Dès lors, on commence à mieux comprendre la haine viscérale de la jeune femme envers les criminels sexuels. Et l'on finit de cerner ce qui l'a poussée à se retourner en découvrant les méfaits d'une mère qui ne l'a jamais soutenue comme elle aurait dû le faire. Constamment oppressée moralement par une mère castratrice obsédée par la lignée d'avocats de sa famille, la jeune Marie Kajii a été totalement lobotomisée par une certaine vision de la justice, mais le drame qu'elle vient de vivre la contraint à remettre en cause ce en quoi elle a été obligée de croire. Limites de la loi sur les mineurs délinquants, droits des victimes... A travers un terrible et immersif portrait de son évolution psychologique, D. Nakatani offre un portrait de Kajii aussi brutal que juste, où la notion de justice bascule complètement.
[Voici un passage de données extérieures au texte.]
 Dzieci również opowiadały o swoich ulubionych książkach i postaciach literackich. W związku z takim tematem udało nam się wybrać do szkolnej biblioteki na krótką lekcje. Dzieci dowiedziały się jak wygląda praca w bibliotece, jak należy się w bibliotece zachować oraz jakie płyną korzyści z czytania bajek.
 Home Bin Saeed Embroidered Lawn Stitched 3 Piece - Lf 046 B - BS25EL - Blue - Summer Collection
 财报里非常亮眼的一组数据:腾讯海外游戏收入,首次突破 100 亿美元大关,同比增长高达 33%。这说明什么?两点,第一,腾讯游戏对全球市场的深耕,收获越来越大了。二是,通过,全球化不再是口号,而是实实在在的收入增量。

Ce sont là les premiers pas de la vengeance justicière de la Kajii retournée. Une vengeance qui durera plus d'une quinzaine d'années, et dont nous suivrons les grandes étapes dans le reste du volume : la naissance dans d'horribles circonstances d'Ayaka, la folie puis les regrets de la mère de Marie... Au fil de ses meurtres, Kajii se retrouve bientôt secondée par un étrange homme, trapu et au crâne défiguré, adepte des pires tortures possibles.
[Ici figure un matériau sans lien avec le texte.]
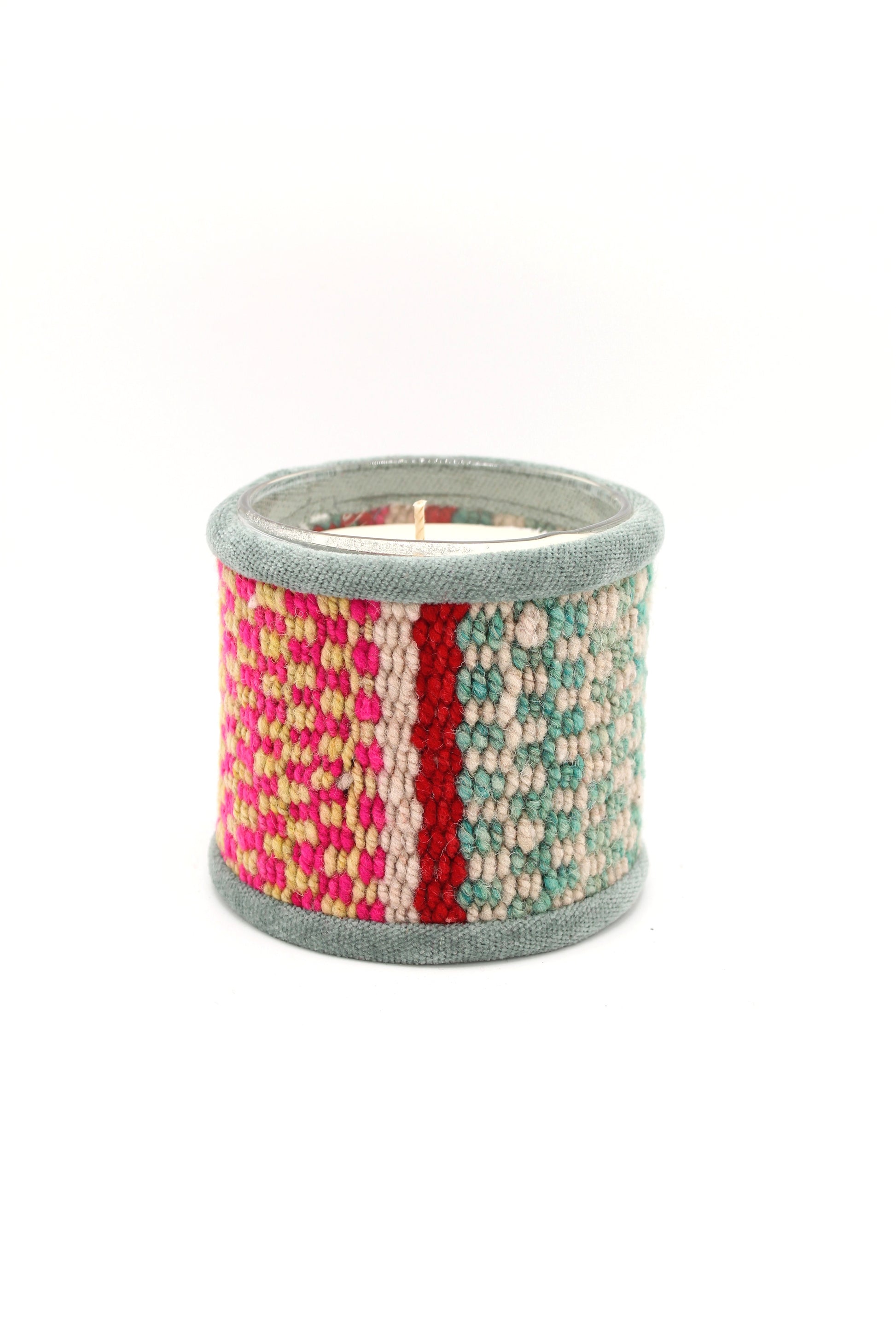 Cette bougie est fabriquée à partir de chutes de tissus en laine, tissés à la main dans les montagnes de la Cordillère des Andes. Inspirée par les couleurs vives des civilisations andines, chaque bougie reflète le savoir-faire traditionnel des femmes Quechua. Grâce à l'utilisation de tissus récupérés, chaque pièce est exclusive et unique.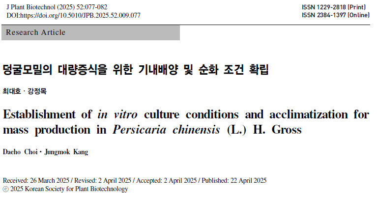그림 : 덩굴모밀 배양 논문 (Journal of Plant Biotechnology)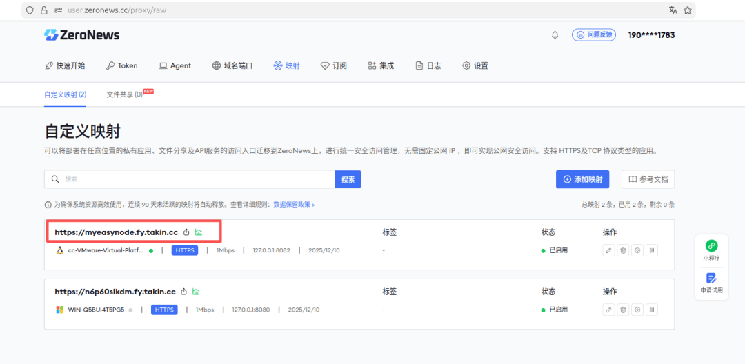 ⑤ 按照上述步骤创建完成之后,我们就可以得到一条可公网访问的映射域名。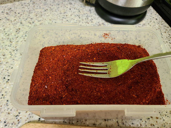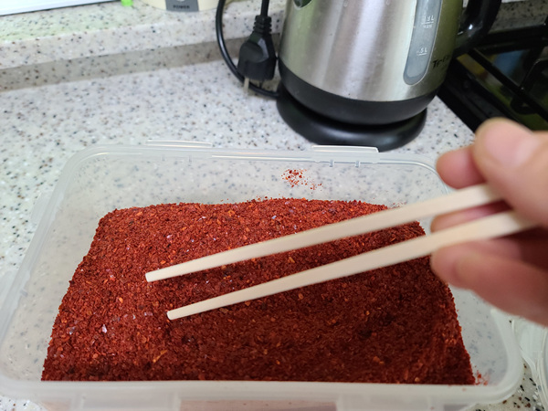 간단한 방법은 포크로 몇 번 고추가루를 들어 올려 뭉침이 있는건 풀어줘야 한다는 점.... 안 뭉쳐 있고 가루화가 잘 된 것은 포크에 고추가루가 잘 빠져 나가겠죠.

"L'agonie est une sorte de feuilleton qui s'achève avec la mort. Chacun de ses épisodes doit être construit intelligemment... Avant de trancher les bras, ampute les doigts. Mais avant d'amputer les doigts, arrache les ongles..."

Cette citation représente bien la mentalité du dénommé Yotsuya, qui va tout offrir à Kajii pendant 10 ans... mais dans quel but ? Nous le découvrirons en toute fin de volume, l'auteur en profitant pour dépeindre une autre vision chaotique de la relation parent-enfant. Entre les deux, le parcours de Kajii et de Yotsuya est ponctué de scènes de torture plus horribles que dans aucun autre volume de la série. Plus d'une fois, cela pourra paraître gratuit pour quiconque n'est pas amateur de ce type de récit, mais Nakatani en profite pour accentuer toujours plus l'horreur de son univers, où de nouvelles limites semblent sans cesse franchies.

On reste donc horrifié par ce qu'on lit, par le destin de Marie Kajii, tandis que se dessine une vision extrêmement sombre de notre monde (les limites de la justice, les liens de parenté bafoués, les médias qui se contentent de relayer les grands événements... et, bien sûr, les pires affres humains). Tout cet étalage d'horreurs n'empêche pas l'auteur rendre son récit cohérent par rapport aux événements du tome 2, et d'offrir d'intéressants points de liaison avec la trame principale qui s'est dessinée autour de Roku et Hachi( qui sont quasiment absents du tome).

Il ne reste plus qu'à attendre très patiemment la suite de la série (puisque la série, contrairement à ce qui avait été annoncé au départ, fera finalement plus de 3 volumes). En attendant. D. Nakatani nous offre ici l'une des lectures les plus éprouvantes qu'il nous ait été donné d'avoir, et il fait ça à merveille.